Stepping up in class once again, Lopez dominated most of the eight rounds but when Narvaez (13-4, 8 KOs) was pummeled in his own corner he resorted to cup shots that sent the Riverside fighter down in a heap. Referee Tony Crebs deducted a point.

The lightweight fight was resumed but Narvaez found the groin shot once again available and down Lopez went again. Crebs deducted another point.

“The second time was intentional,” said Lopez. “I thought it wouldn’t affect me but it did in the later rounds. Usually I finish stronger.”

Though Lopez landed punishing shots throughout the eight rounds he was unable to knock down the veteran.

“He was a crafty fighter,” said Lopez (20-2, 12 KOs) who won by unanimous decision

Lopez may fight another contender soon. His management team plans to lead him to a world title fight within next year.

Female bout

After eight years as one of the country’s best female amateur fighters, Quevedo stepped into the ring against Fresno’s Danielle Christiansen and uncorked years of frustrations with the first volley of punches. A left hook to the body nearly ended the fight in the first round.

“I got a little excited,” said Quevedo who fights at the junior welterweight division. “I saw she was hurt. But I didn’t want to get wild. I wanted to look professional in my first pro fight.”

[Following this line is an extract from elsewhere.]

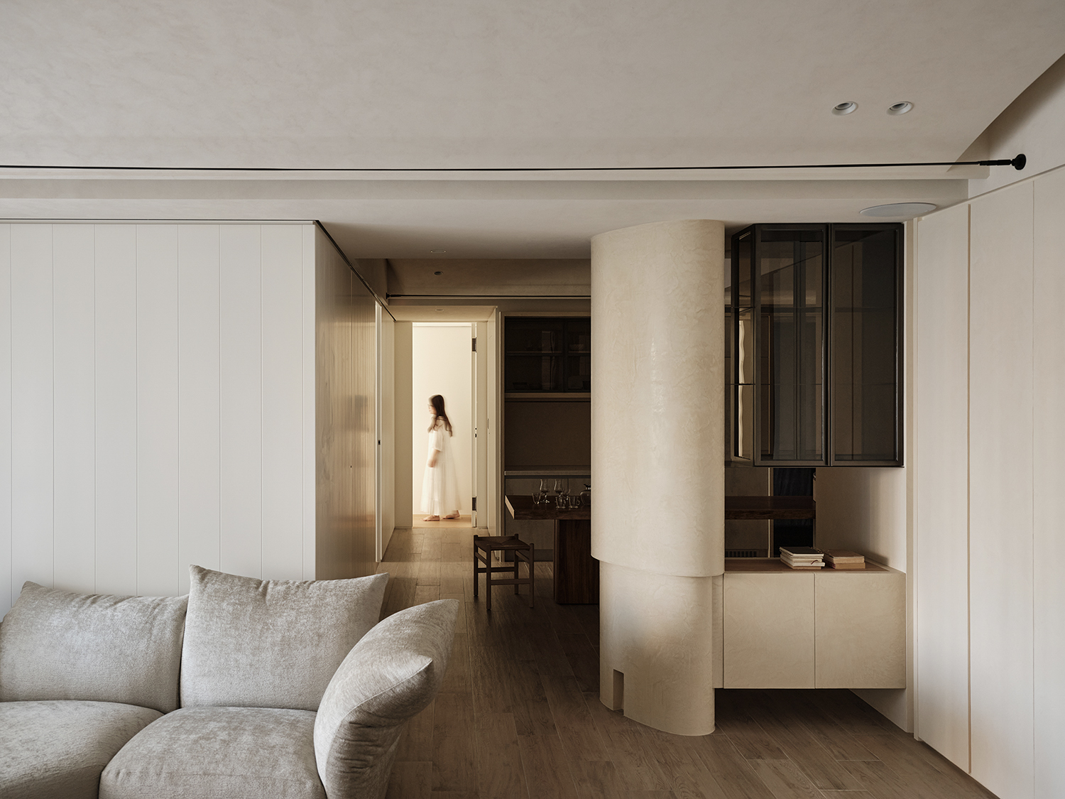 "Trying to redesign the existing layout was a perfect opportunity to challenge the demolition of existing structures." To create a three-bedroom, two-living room apartment suitable for a retired couple and their two adult children, Hsin-hui, like a sculptor, sculpted the curved structures, interspersed with ceilings and corners, creating a free-flowing flow.

Referee Tony Crebs looked at Christiansen who was in her fifth pro fight and let the fight continue though she was battered in the first round.

“It looked like the referee was going to stop it in the first round,” said Robert Luna, who trains Quevedo. “I told Liz that the body shot hurt her.”

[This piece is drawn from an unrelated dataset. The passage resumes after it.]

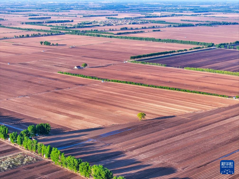 这是在内蒙古通辽市科尔沁区钱家店镇坤都花村已经完成播种的良田(5月10日摄,无人机照片)。新华社记者 连振 摄

For three rounds Quevedo seemed to land lefts or rights at will. Though the punches seemed to affect the Fresno fighter, she continued. During the middle of the second round a cut above the left eye opened on Christiansen, but still the fight continued.

At the end of the third round it was apparent that Quevedo had built up an insurmountable lead. The ringside physician Richard Castanon advised that the fight be stopped for a technical knockout for South Gate, California’s Quevedo.

“It felt great to be in my first pro fight,” said Quevedo, who was a four-time U.S. National amateur champion. “I felt a lot lighter without the headgear and all of the other stuff. Even the gloves are lighter.”

The 22-year-old Quevedo said she now knows what fighting professionally is all about.

“There’s just a special feeling,” said Quevedo. “She was a very strong fighter. She never quit.”

Promoter Roy Englebrecht said Quevedo exceeded expectations.

“She just may be too good,” Engelbrecht said. “Nobody is going to want to fight her.”

Vallejo’s Dario Castillo (2-2) captured a four round majority decision over San Bernardino’s LaVelle Nichols (2-6-1) in a welterweight contest. There were no knockdowns. The judges scored it 40-36 twice for Castillo and 38-38.

In a heavyweight contest Oklahoma’s Eric Fields (5-0) captured a unanimous decision over Lancaster’s Cornell Davis (4-10) after four rounds 39-37 twice and 40-36.